**Input records:**
--- START ---

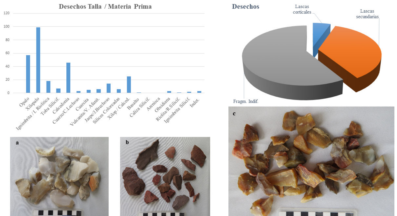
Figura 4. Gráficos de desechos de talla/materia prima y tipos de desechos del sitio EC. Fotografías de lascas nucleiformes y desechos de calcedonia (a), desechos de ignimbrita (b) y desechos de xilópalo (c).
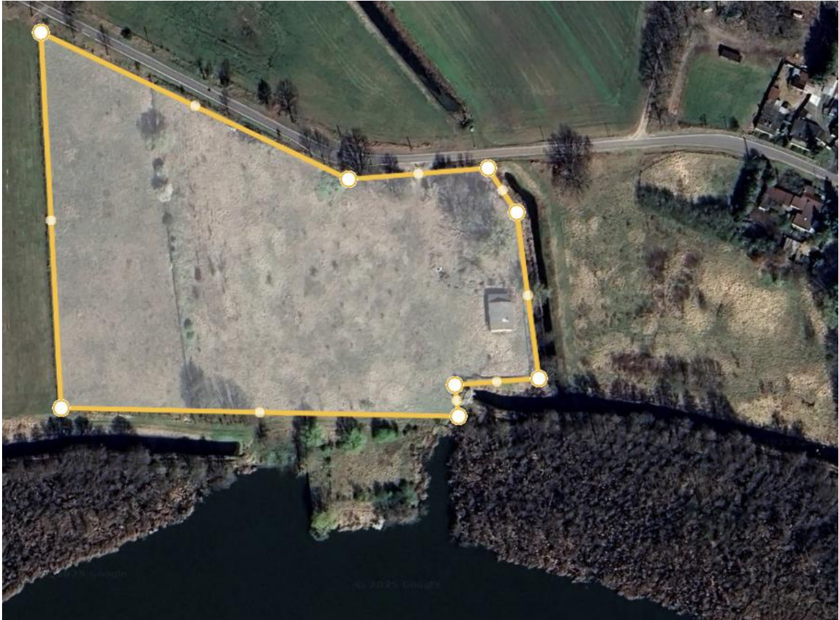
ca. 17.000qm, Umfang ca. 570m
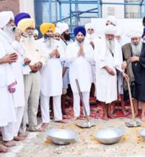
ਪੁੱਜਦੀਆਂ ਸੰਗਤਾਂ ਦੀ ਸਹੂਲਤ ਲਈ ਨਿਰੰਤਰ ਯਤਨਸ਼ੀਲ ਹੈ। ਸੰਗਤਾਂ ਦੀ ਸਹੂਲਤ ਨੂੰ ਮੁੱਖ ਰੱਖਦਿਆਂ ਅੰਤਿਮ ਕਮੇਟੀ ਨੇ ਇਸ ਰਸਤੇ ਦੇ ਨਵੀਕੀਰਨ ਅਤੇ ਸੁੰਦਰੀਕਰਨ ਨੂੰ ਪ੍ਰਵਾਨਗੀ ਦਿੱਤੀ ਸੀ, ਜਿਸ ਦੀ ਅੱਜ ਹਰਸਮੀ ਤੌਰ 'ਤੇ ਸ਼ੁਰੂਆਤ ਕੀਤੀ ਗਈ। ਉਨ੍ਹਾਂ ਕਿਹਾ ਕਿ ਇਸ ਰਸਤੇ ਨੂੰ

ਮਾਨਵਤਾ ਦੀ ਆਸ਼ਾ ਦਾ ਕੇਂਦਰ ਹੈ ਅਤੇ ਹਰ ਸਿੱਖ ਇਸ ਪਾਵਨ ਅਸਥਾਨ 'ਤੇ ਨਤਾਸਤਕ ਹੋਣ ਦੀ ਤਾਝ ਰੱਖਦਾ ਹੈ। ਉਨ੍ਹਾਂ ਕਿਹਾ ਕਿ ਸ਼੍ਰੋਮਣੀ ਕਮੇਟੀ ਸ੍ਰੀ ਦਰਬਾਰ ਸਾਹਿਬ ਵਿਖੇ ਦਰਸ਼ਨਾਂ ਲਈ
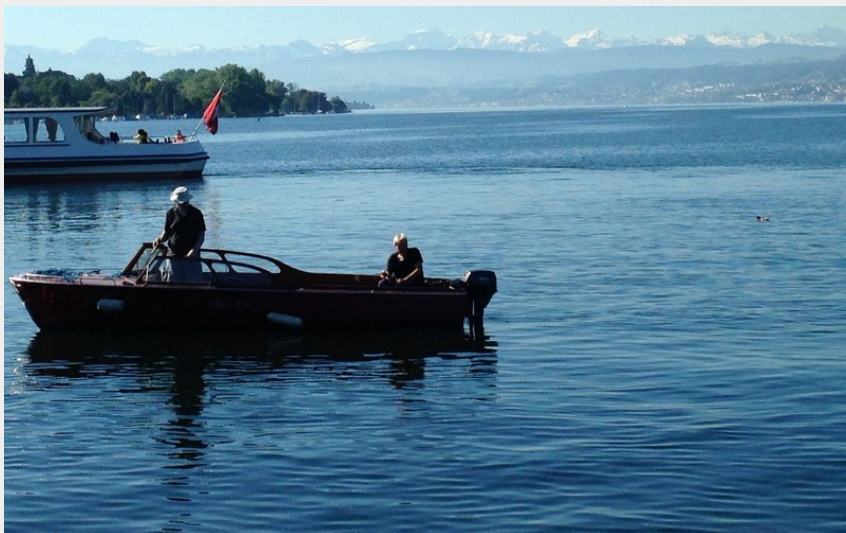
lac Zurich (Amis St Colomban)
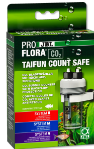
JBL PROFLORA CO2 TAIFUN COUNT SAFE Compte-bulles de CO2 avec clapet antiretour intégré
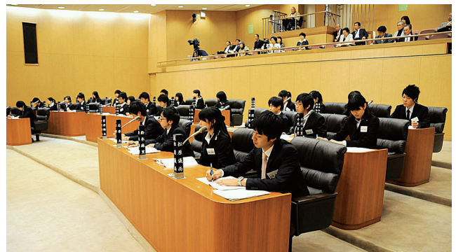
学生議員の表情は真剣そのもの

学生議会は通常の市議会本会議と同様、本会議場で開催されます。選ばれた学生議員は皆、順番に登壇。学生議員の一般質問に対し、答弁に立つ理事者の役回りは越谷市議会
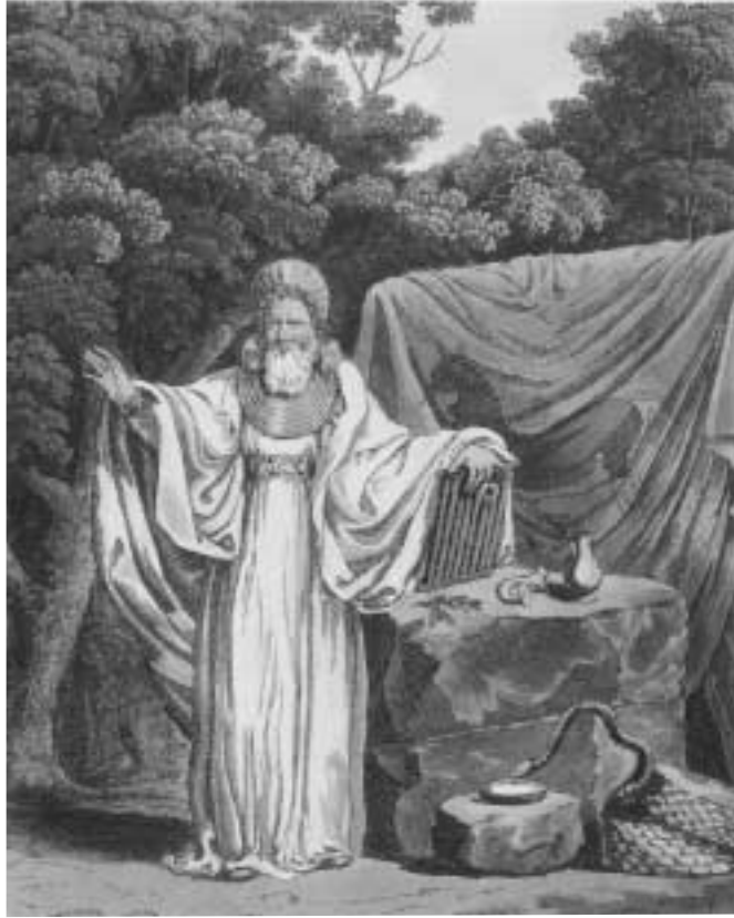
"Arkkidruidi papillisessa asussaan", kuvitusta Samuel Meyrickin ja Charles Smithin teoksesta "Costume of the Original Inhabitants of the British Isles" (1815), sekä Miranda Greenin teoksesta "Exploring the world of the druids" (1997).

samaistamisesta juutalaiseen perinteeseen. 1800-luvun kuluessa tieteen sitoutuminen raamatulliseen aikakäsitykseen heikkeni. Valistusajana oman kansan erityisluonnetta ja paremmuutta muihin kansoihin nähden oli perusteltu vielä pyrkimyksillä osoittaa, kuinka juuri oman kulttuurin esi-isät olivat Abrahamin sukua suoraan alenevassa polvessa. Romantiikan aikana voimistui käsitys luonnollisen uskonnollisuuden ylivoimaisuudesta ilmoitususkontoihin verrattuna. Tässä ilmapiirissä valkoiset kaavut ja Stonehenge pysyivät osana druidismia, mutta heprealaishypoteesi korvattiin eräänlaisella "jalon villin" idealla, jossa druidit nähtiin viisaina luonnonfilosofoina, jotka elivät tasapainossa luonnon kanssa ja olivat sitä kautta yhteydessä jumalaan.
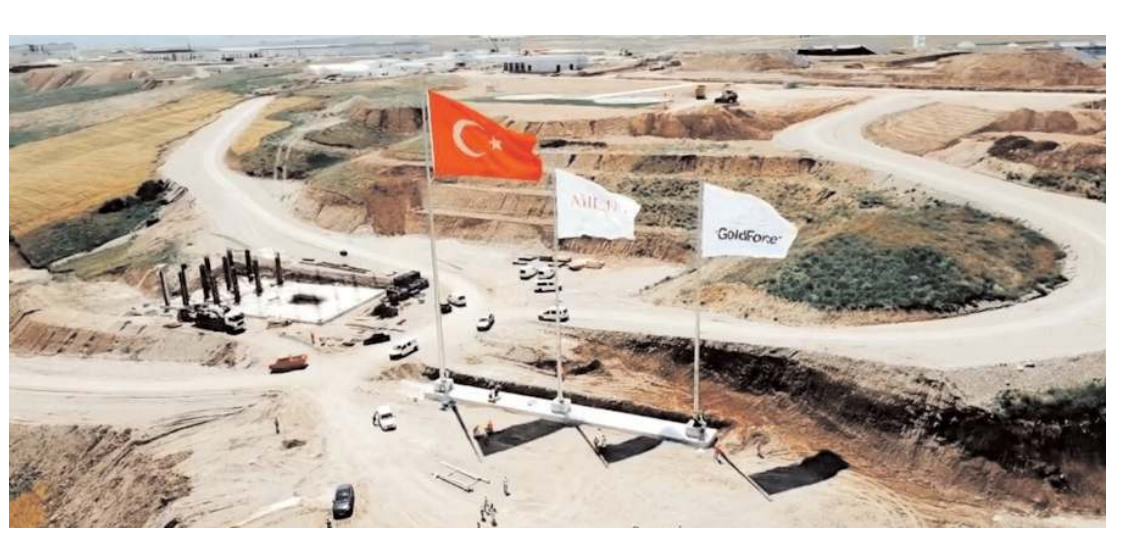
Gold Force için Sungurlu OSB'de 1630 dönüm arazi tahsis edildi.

--- END ---
--- START ---

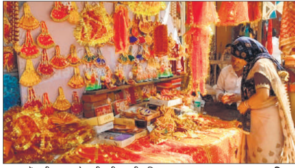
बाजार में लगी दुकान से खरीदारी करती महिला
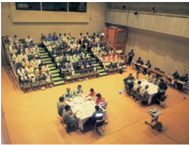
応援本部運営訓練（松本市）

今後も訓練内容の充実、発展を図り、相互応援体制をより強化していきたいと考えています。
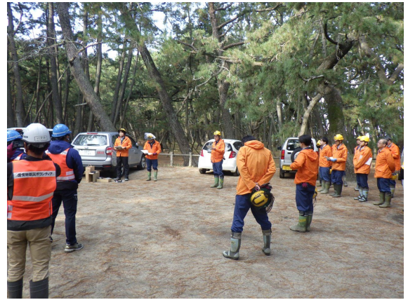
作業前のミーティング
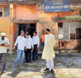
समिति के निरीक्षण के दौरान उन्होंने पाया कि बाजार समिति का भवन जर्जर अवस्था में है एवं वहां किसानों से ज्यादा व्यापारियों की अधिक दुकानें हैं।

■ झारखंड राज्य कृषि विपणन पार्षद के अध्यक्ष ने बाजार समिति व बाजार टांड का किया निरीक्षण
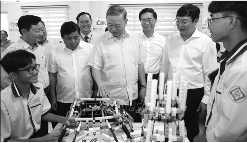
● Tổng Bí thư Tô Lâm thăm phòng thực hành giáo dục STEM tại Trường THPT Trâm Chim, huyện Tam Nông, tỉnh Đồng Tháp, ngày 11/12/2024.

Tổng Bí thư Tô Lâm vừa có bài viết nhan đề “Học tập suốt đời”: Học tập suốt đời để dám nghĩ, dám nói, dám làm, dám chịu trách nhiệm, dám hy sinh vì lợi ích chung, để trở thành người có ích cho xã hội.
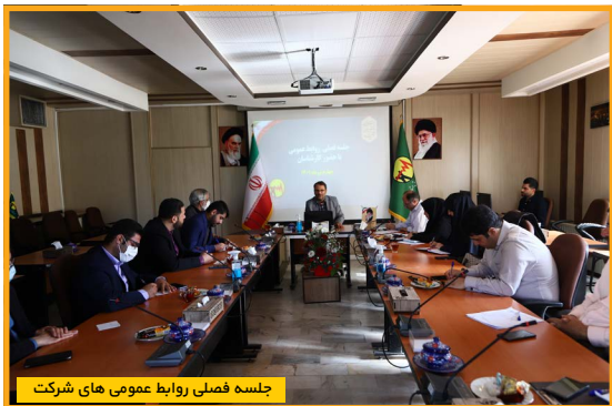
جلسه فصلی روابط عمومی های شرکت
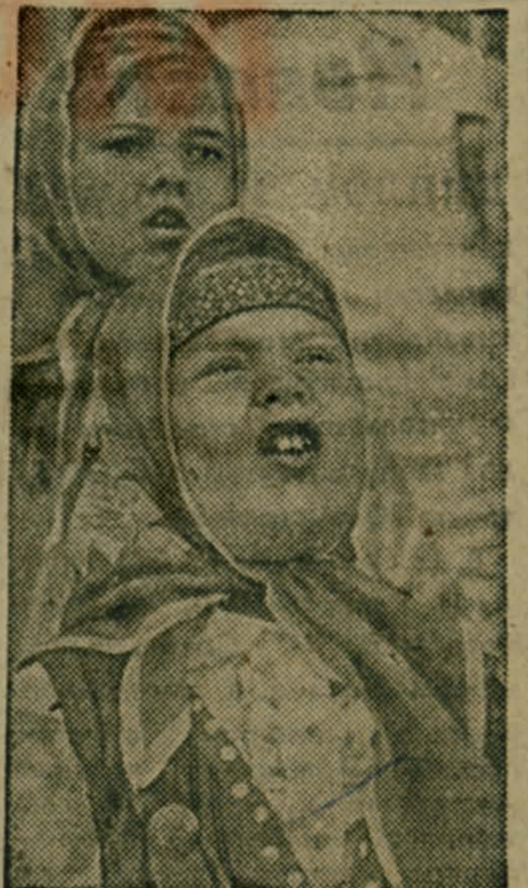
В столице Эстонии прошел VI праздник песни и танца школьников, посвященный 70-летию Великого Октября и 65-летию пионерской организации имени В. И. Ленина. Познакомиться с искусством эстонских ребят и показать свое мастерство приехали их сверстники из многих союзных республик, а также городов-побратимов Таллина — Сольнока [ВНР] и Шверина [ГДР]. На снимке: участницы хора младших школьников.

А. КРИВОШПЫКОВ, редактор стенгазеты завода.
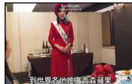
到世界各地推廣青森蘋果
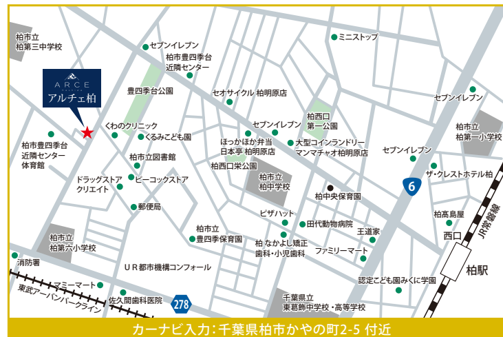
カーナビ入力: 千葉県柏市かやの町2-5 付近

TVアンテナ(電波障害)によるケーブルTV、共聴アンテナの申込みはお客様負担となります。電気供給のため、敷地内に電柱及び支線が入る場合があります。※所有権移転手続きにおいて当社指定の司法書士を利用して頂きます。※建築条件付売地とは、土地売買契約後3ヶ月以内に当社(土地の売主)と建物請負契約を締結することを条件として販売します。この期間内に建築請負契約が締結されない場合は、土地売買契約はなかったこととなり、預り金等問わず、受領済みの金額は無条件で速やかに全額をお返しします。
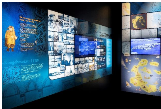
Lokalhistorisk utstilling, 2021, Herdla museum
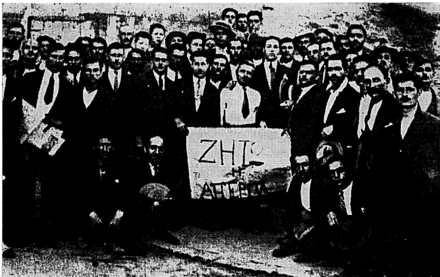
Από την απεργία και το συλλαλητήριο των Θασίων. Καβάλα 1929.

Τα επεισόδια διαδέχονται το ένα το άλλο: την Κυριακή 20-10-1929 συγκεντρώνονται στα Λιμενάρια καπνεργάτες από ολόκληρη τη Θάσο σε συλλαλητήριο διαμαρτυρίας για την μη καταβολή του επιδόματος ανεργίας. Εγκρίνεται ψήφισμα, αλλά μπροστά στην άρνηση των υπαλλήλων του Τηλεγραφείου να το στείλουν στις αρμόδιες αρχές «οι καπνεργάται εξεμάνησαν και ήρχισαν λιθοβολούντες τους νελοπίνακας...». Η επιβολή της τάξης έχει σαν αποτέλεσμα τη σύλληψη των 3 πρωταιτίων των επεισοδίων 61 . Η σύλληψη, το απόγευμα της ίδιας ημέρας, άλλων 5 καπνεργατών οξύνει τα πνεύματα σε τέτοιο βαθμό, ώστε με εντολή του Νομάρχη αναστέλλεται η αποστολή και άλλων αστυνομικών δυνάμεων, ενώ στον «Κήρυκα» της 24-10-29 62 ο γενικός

--- END ---

**Aim of the task:** Out of the data above, set down the lines from the one with "学生議員の表情は真剣そのもの" to the one with "学生議会は通常の市議会本会議", both included, exactly as written and with no additions.

**Result of the exercise:**
学生議員の表情は真剣そのもの

学生議会は通常の市議会本会議と同様、本会議場で開催されます。選ばれた学生議員は皆、順番に登壇。学生議員の一般質問に対し、答弁に立つ理事者の役回りは越谷市議会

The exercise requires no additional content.